*WHAT YOU ARE ASKED TO DO*: Starting at the line that contains "Bremerhaven. Jede soziale", print each line exactly through the end of the listing. Skip any pictures and add nothing.

SOURCE MATERIAL START

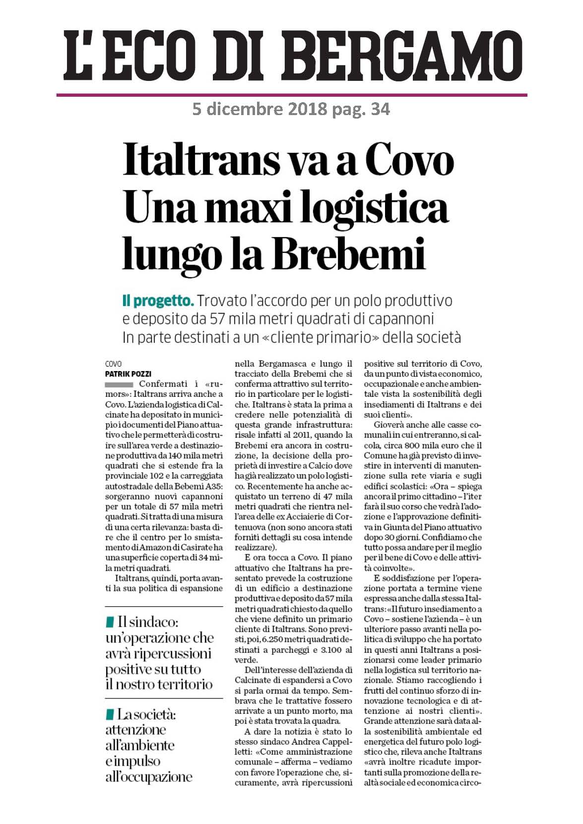 Italtrans va a Covo. Una maxi logistica lungo la Brebemi. 05 dicembre 2018 L'ECO DI BERGAMOTrovato l'accordo per un polo produttivo e deposito da 57 mila metri quadrati di capannoni in parte destinati a "un cliente primario" della società. 2018-12-05-3_pdf
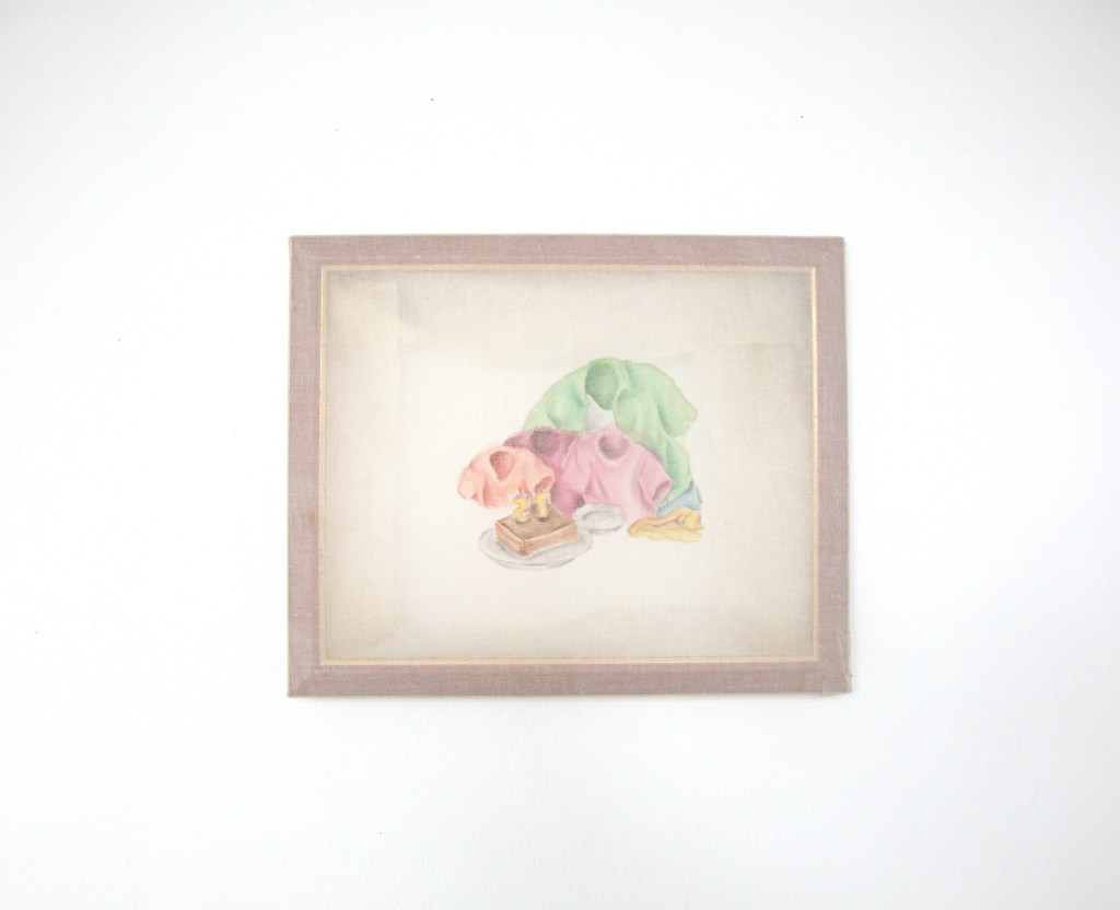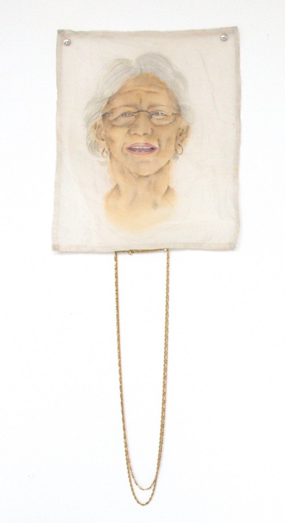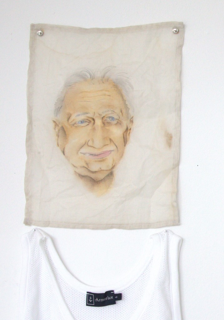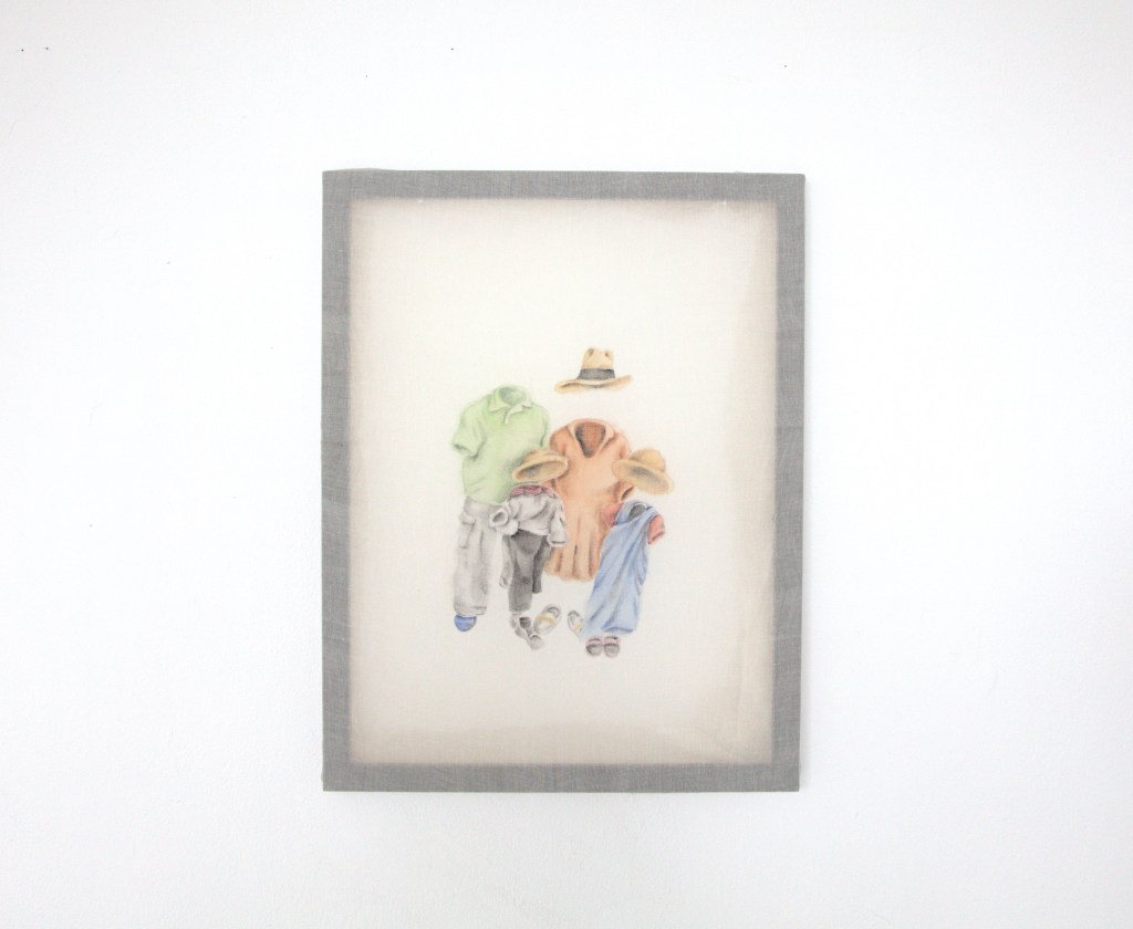 Objets souvenirs, Série de peintures à l’aquarelle de portraits sur des voiles associés à des objets, 2024
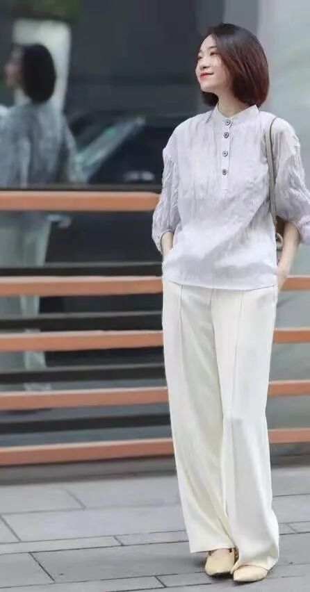 可以尝试一下这种圆领款式的衬衫,但前提是脖颈线条相对是较为优越的,会有一定的精致感,衬衫是带有褶皱的设计,看上去十分的高级,有一种田园风格,但是搭配的白色阔腿裤和尖头鞋,又呈现出了女人的气场,知性优雅又不单调。
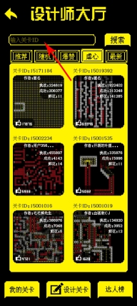 2. 进入设计师大厅后,可通过搜索ID,或在下方挑选热门关卡来展开挑战。
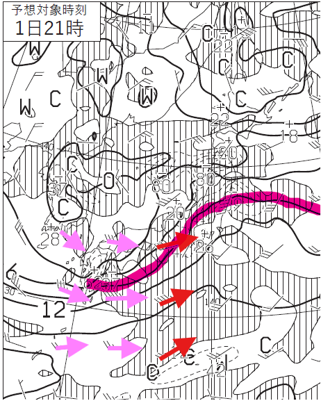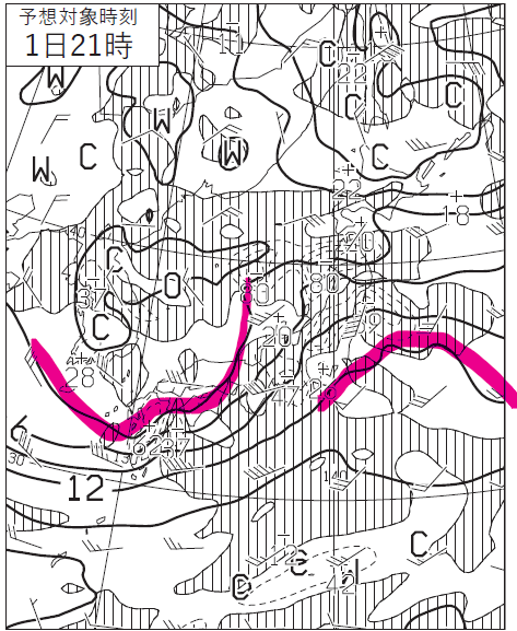 等温線集中帯の南縁および風のシアーにより前線位置を推定します。風のシアはやや不明瞭ですが南向き成分が生じたところを境とします。
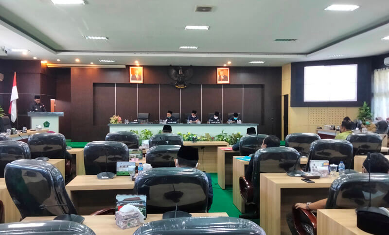 Rapat Paripurna yang dipimpin langsung oleh Ketua DPRD Pamekasan, Fathorrahman membahas perihal penyampaian nota penjelasan Bupati Pamekasan mengenai Raperda pertanggungjawaban pelaksanaan APBD 2020.
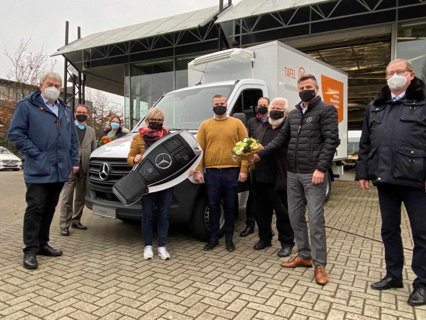 Bremerhaven. Jede soziale Bewegung braucht einen Motor - ein nagelneuer Mercedes-Benz Sprinter mit Kiesling Kühlkoffer „Cooler Flitzer“ sorgt künftig bei der Bremerhavener Tafel für mehr Mobilität. Für die Gesamtfinanzierung sorgten Mercedes-Benz, der Magistrat der Stadt Bremerhaven und die Bremerhavener Volkshilfe e.V. je zu einem Drittel. Das Fahrzeug wurde am 02. November 2020 im Center Bremerhaven der Mercedes-Benz Niederlassung Bremen übergeben.
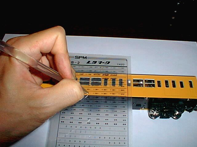 いよいよ最終段階。インスタントレタリングシートを使って、車輌番号の転写。この車は資料により、クハ103−576となる。
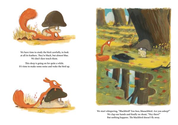 Squirrel and his best friend, Pock the mushroom, sit on the old stump, watching birds fly by. When they’re tired of this, they take the path to the yellow meadow to listen to the blackbird sing. But today, the bird’s not there. The friends look everywhere. Finally they find it on the path, all stretched out and quite still. It must be sleeping. They sit down quietly and wait for the bird to wake.
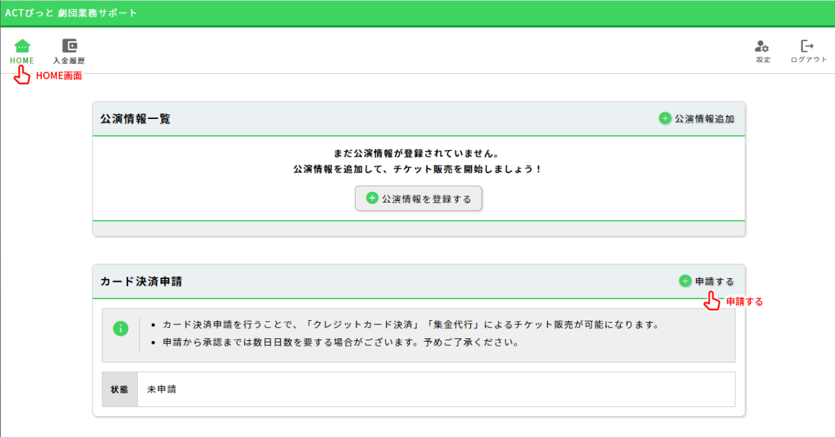 集金代行を利用したチケット販売を行うには、カード決済申請を行っていただく必要がございます。詳しくは「1-2. カード決済申請」をご覧ください。
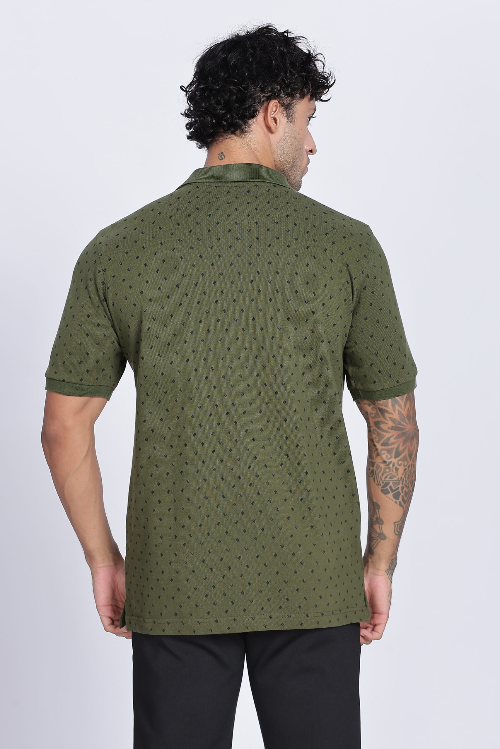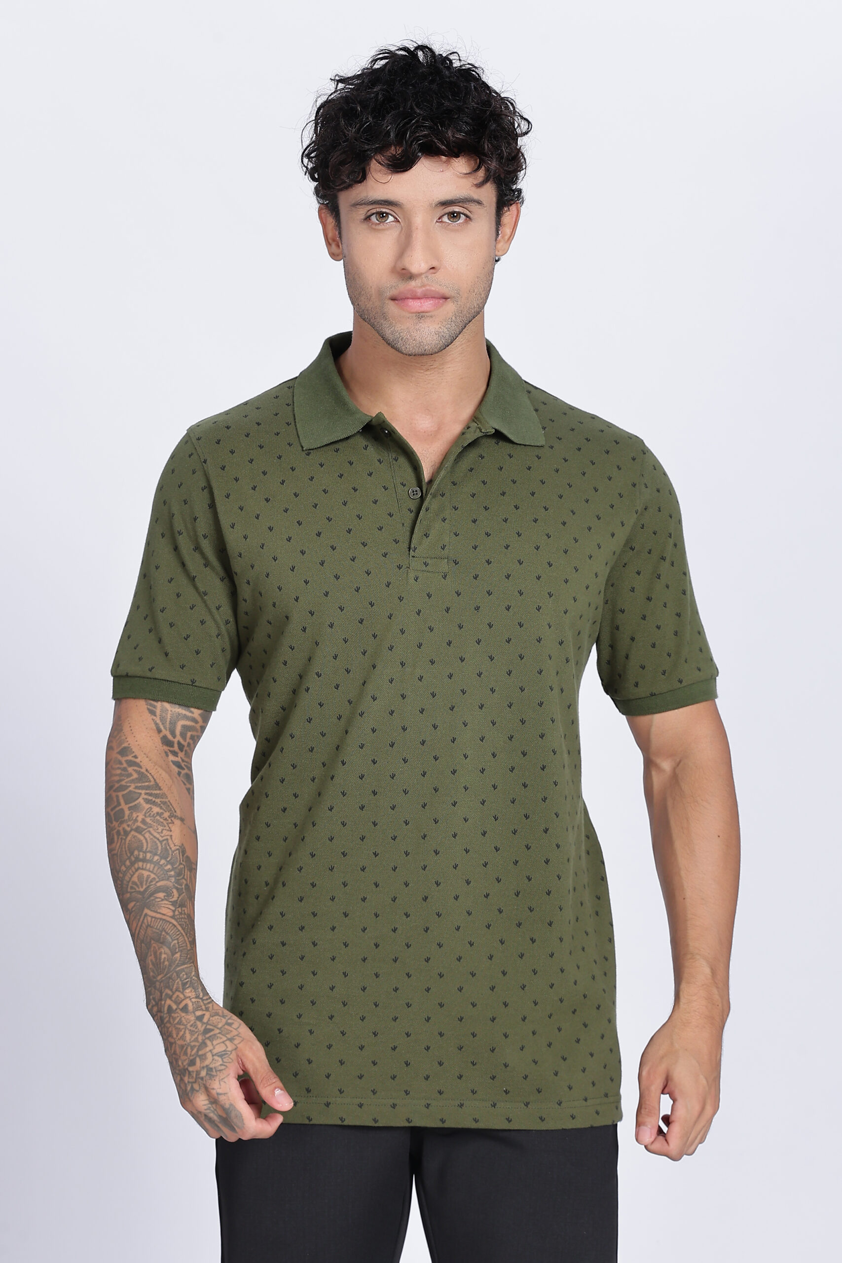REGULAR FIT OLIVE PRINTED POLO
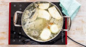 Successivamente, la schiuma appare sulla superficie della padella, di cui hai bisogno mettere insieme un cucchiaio forato. Aggiungi tutte le verdure al pesce, tritale finemente bisogno di cipolle in 4 parti, carote a metà, mettere una foglia di alloro e salare. Cuocere a fuoco molto basso per mezz’ora.
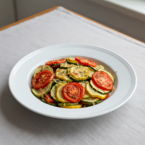 • Jour J (15 min avant cuisson) : Montage en plat 24×32 cm : aligner tranches courgettes, intercaler tomates concassées, oignons, ail, herbes de Provence séchées. Napper huile d'olive vierge extra bio (0,4 ml/100 couverts). Saler réduit 4g/kg (courgettes pré-salées).

SOURCE MATERIAL END

*ANSWER SECTION*:
 Bremerhaven. Jede soziale Bewegung braucht einen Motor - ein nagelneuer Mercedes-Benz Sprinter mit Kiesling Kühlkoffer „Cooler Flitzer“ sorgt künftig bei der Bremerhavener Tafel für mehr Mobilität. Für die Gesamtfinanzierung sorgten Mercedes-Benz, der Magistrat der Stadt Bremerhaven und die Bremerhavener Volkshilfe e.V. je zu einem Drittel. Das Fahrzeug wurde am 02. November 2020 im Center Bremerhaven der Mercedes-Benz Niederlassung Bremen übergeben.
 いよいよ最終段階。インスタントレタリングシートを使って、車輌番号の転写。この車は資料により、クハ103−576となる。
 Squirrel and his best friend, Pock the mushroom, sit on the old stump, watching birds fly by. When they’re tired of this, they take the path to the yellow meadow to listen to the blackbird sing. But today, the bird’s not there. The friends look everywhere. Finally they find it on the path, all stretched out and quite still. It must be sleeping. They sit down quietly and wait for the bird to wake.
 集金代行を利用したチケット販売を行うには、カード決済申請を行っていただく必要がございます。詳しくは「1-2. カード決済申請」をご覧ください。
REGULAR FIT OLIVE PRINTED POLO
 Successivamente, la schiuma appare sulla superficie della padella, di cui hai bisogno mettere insieme un cucchiaio forato. Aggiungi tutte le verdure al pesce, tritale finemente bisogno di cipolle in 4 parti, carote a metà, mettere una foglia di alloro e salare. Cuocere a fuoco molto basso per mezz’ora.
 • Jour J (15 min avant cuisson) : Montage en plat 24×32 cm : aligner tranches courgettes, intercaler tomates concassées, oignons, ail, herbes de Provence séchées. Napper huile d'olive vierge extra bio (0,4 ml/100 couverts). Saler réduit 4g/kg (courgettes pré-salées).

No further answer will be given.